WebSearchAPI.ai Scraper API Reference
Complete reference for the WebSearchAPI.ai Scraper endpoint with advanced content extraction capabilities
WebSearchAPI.ai offers a powerful web scraping API built for developers who need full control over content extraction. Extract clean, structured content from any URL with browser rendering, CSS selectors, JavaScript injection, and AI-optimized markdown formatting perfect for LLMs.
Introduction
The WebSearchAPI.ai Scraper API allows you to:
- Extract and parse content from any URL with AI-optimized formatting
- Use full browser rendering for JavaScript-heavy websites
- Target specific content with CSS selectors
- Inject custom JavaScript before scraping
- Generate AI-powered alt text for images
- Customize markdown output formatting
- Extract links and images with summaries
- Control privacy and caching behavior
Endpoint Details
POST
/scrapeBase URL: https://api.websearchapi.ai
Full Endpoint: https://api.websearchapi.ai/scrape
Authentication
Authentication Required All API requests require authentication using your API key in the Authorization header.
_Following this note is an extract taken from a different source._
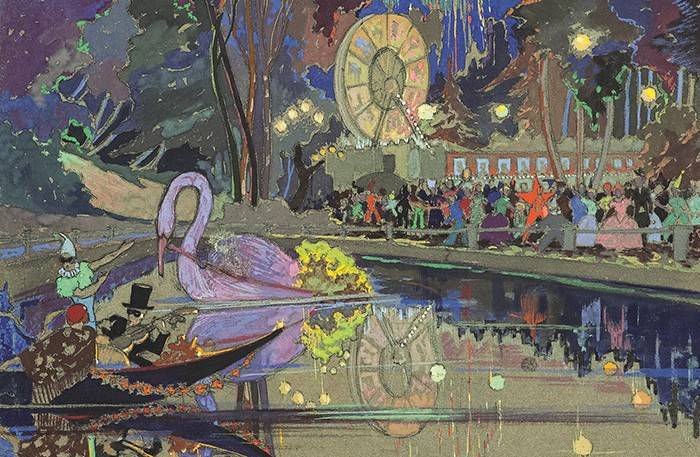 После революции шло активное отрицание всего «барского» - от привычек и вкусов до эстетики. Бытовали полит-карнавалы, где пролетарии носили чучела Чемберлена и скандировали вирши, наспех сработанные синеблузниками. В 1930-х вернулись и дорические капители, и парки в духе Андре Ленотра, и кинофильмы о «хороших» царях. Пришлись ко двору и волшебные маскарады. На картине Бориса Тимина «Карнавал в парке культуры и отдыха» - всё те же маски – Пьеро, Арлекин, маркиза в платье на фижмах и некто в чёрном цилиндре – это уже не буржуй, но опереточный Мистер Икс. Фейерверк, фонарики, лодки, увитые цветами, и, если бы не алая звезда, присутствующая в оформлении, нам показалось бы, что это расслабляются какие-нибудь господа в поместье князей Голицыных. Советская власть сделала дворянские обычаи привилегией масс.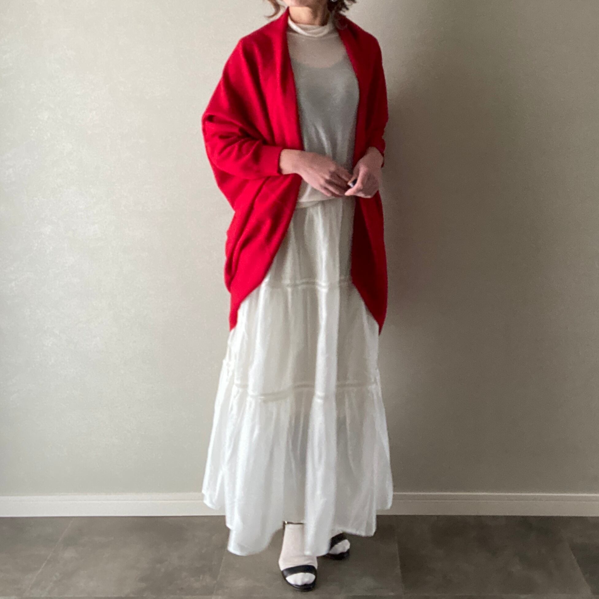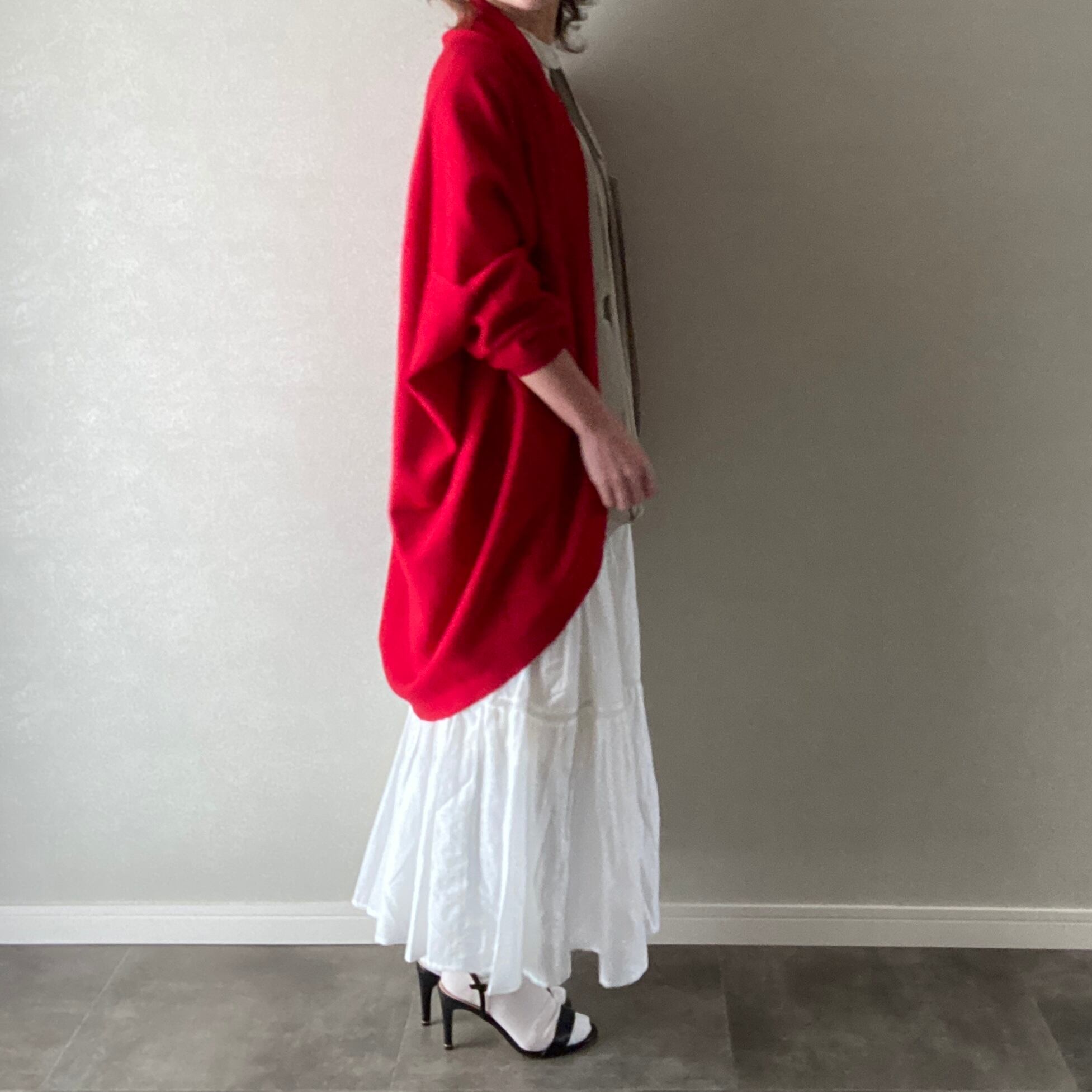 カーディガン ニット ウール ドルマン アシンメトリー レッド フリーサイズ【031110】

Include your API key in the Authorization header using the Bearer token format:
Authorization: Bearer YOUR_API_KEY
You can obtain an API key by signing up for a WebSearchAPI.ai account. Each account receives 1,000 free API credits monthly.
Request Format
All requests to the Scraper API should be made as HTTP POST requests with a JSON body containing the scraping parameters.
Required Headers
| Header | Value |
|---|---|
Content-Type | application/json |
Authorization | Bearer YOUR_API_KEY |
Request Body
The request body should be a JSON object containing your scraping parameters:
{
"url": "https://example.com",
"returnFormat": "markdown",
"engine": "browser",
"targetSelector": "article, main",
"removeSelector": "header, footer, nav, .ads",
"withLinksSummary": true,
"withImagesSummary": true
}Request Parameters
Example Requests
curl -X POST https://api.websearchapi.ai/scrape \
-H "Authorization: Bearer YOUR_API_KEY" \
-H "Content-Type: application/json" \
-d '{
"url": "https://example.com/article",
"returnFormat": "markdown",
"engine": "browser",
"targetSelector": "article, main",
"removeSelector": "header, footer, nav, .ads",
"withLinksSummary": true,
"withImagesSummary": true,
"withGeneratedAlt": true,
"timeout": 15
}'Response Format
Success Response (200 OK)
A successful API call returns a JSON object with the following structure:
{
"code": 200,
"data": {
"title": "Example Article Title",
"url": "https://example.com/article",
"content": "# Example Article Title\n\nThis is the extracted content in markdown format...",
"links": {
"https://example.com/page1": "Page 1 Title",
"https://example.com/page2": "Page 2 Title"
},
"images": {
"https://example.com/image1.jpg": "AI-generated alt text for image 1",
"https://example.com/image2.jpg": "AI-generated alt text for image 2"
}
}
}Response Fields
Error Responses
WebSearchAPI.ai returns standard HTTP status codes with JSON error details:
{
"error": {
"code": "VALIDATION_ERROR",
"message": "Invalid request parameters",
"details": {
"url": "Invalid URL format"
}
}
}Returned when the request contains invalid or missing parameters.
Rate Limits and Quotas
WebSearchAPI.ai uses a credit-based system for API usage. Each account receives 1,000 free API credits monthly. Scraper API credit usage varies based on features used:
| Operation | Credits |
|---|---|
| Basic scraping (direct engine) | 1 credit |
| Browser rendering | 2 credits |
| With link/image summaries | +1 credit |
| With AI-generated alt text | +1 credit |
| Screenshot/pageshot | 2 credits |
Pro Tip: Optimize Credit Usage Use the
directengine for simple, static pages to save credits. Reservebrowserandcf-browser-renderingengines for JavaScript-heavy sites. Enable AI features likewithGeneratedAltonly when needed for accessibility or LLM processing.
Advanced Features
Browser Rendering Engines
The Scraper API offers three rendering engines optimized for different use cases:
| Engine | Best For | Speed | JavaScript Support |
|---|---|---|---|
direct | Static HTML pages, simple sites | Fastest | None |
browser | JavaScript-heavy sites, SPAs | Medium | Full |
cf-browser-rendering | Complex SPAs, anti-bot protection | Slower | Full + Advanced |
Choosing the Right Engine
Direct Engine - Perfect for blogs, documentation sites, and static content. Fastest response time with minimal credit usage.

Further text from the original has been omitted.